Another thing, try compiz and see if it has same issue.
(In reply to comment #12) > could you try reading that debug file many times, possibly in a loop? > If that doesn't work, then its different issue I guess. > > Please try to update to mesa from git, just in case issue is fixed there. I've been running "cat /sys/kernel/debug/dri/0/evict_vram" inside a while loop for more than 1 hour and every 1 second. $ while true; do cat /sys/kernel/debug/dri/0/evict_vram; sleep 1; done but I couldn't reproduce the issue that way. How can I upgrade mesa from git?

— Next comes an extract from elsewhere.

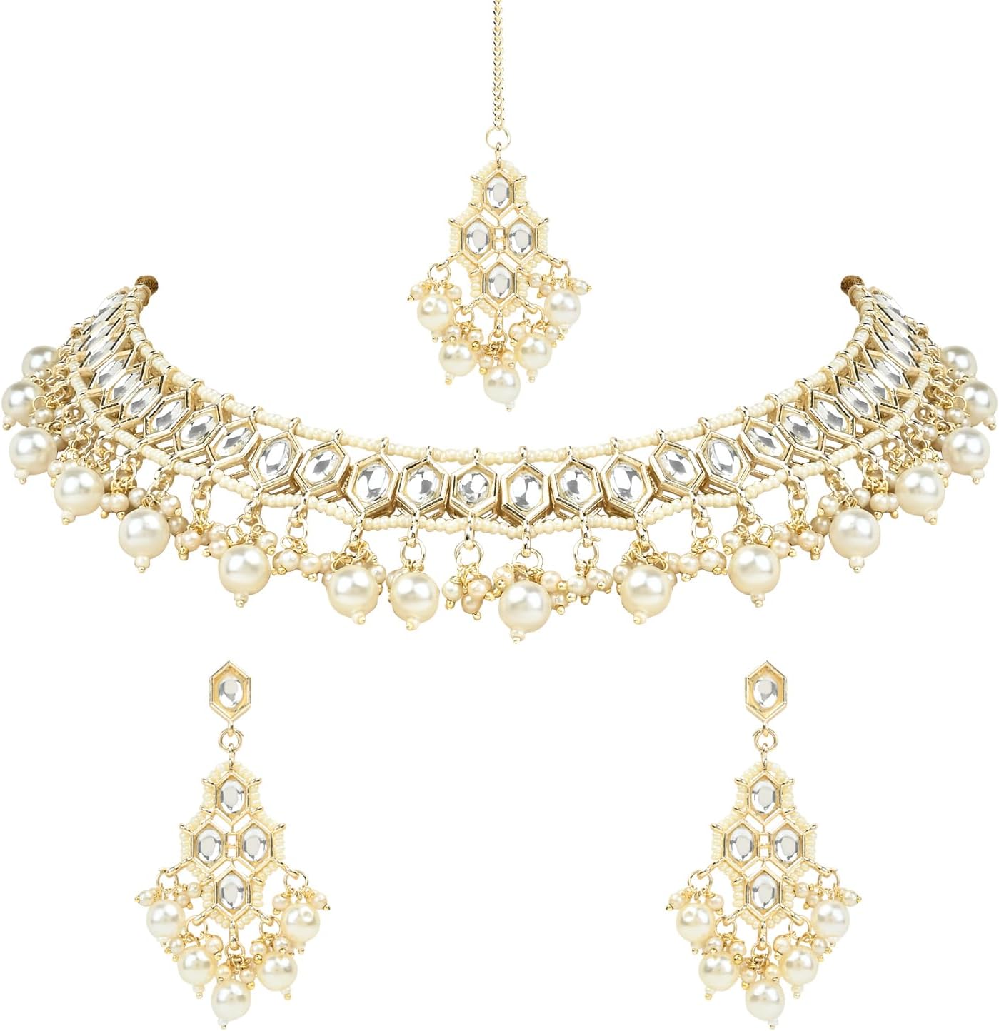 I Jewels Gold Plated Kundan Necklace Jewellery With Earrings & Maang Tikka Set for Women

Any instructions?
BTW running this has crashed my machine: while true; do cat /sys/kernel/debug/dri/0/evict_vram; done when I added "sleep 1" it didn't crash my machine, I believe I exhausted my hardware. but still, I couldn't reproduce the issue. Any instructions for upgrading mesa to git? Thanks.

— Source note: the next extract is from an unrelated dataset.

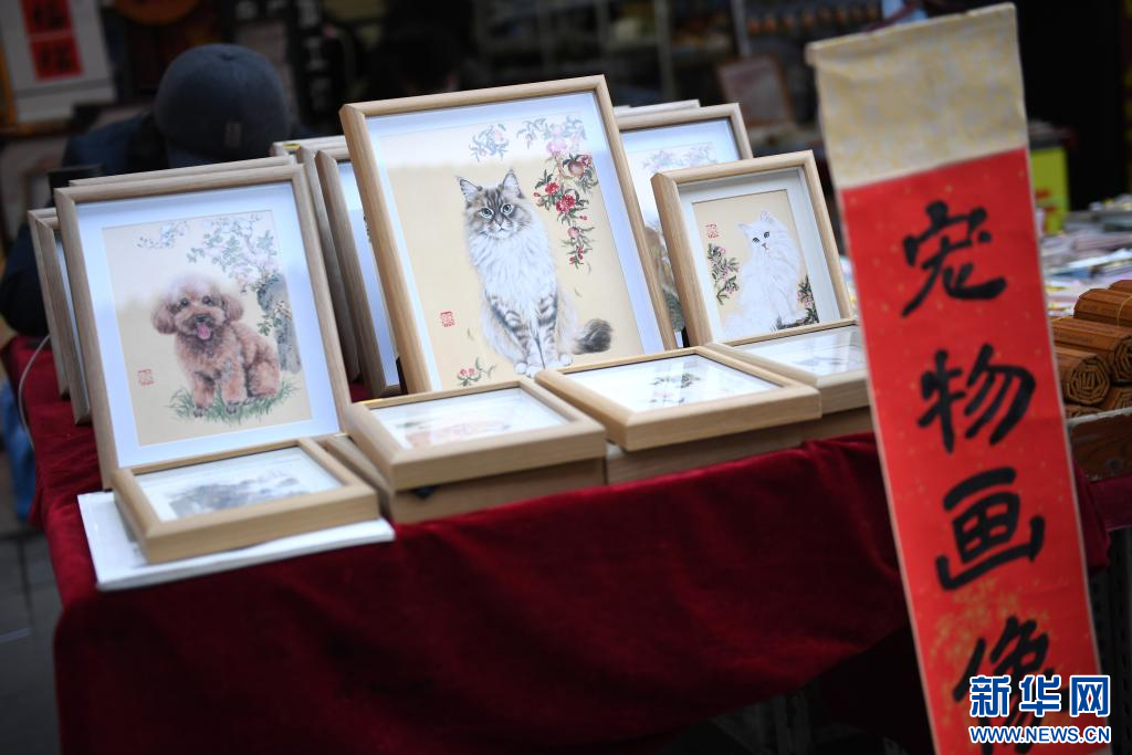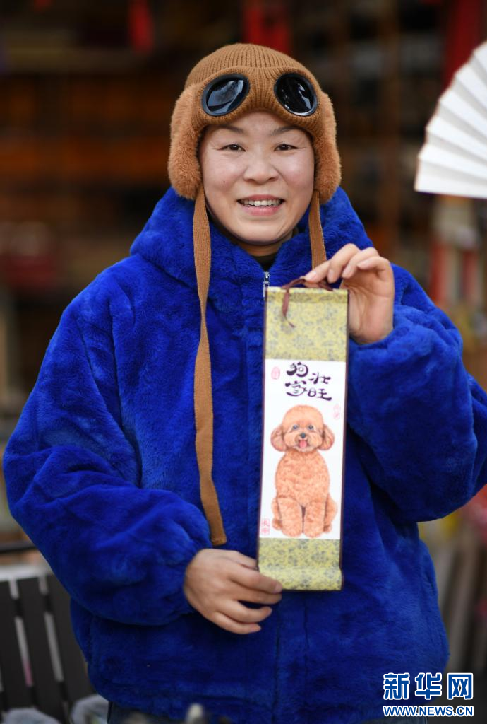 1月9日,画师陈丽华在书院门历史文化街区展示自己绘制的宠物狗画像。

Oh, I didn't mean to make you run that for a hour!, a few minutes should have done it. Its clear you have another bug. So only suggestion left is to update mesa (and try compiz too). Its not difficult at all to compile mesa, I can even guide you if you join IRC now
(In reply to comment #16) > Oh, I didn't mean to make you run that for a hour!, a few minutes should have > done it. > Its clear you have another bug. > So only suggestion left is to update mesa (and try compiz too). > Its not difficult at all to compile mesa, I can even guide you if you join IRC > now What's your nick on IRC?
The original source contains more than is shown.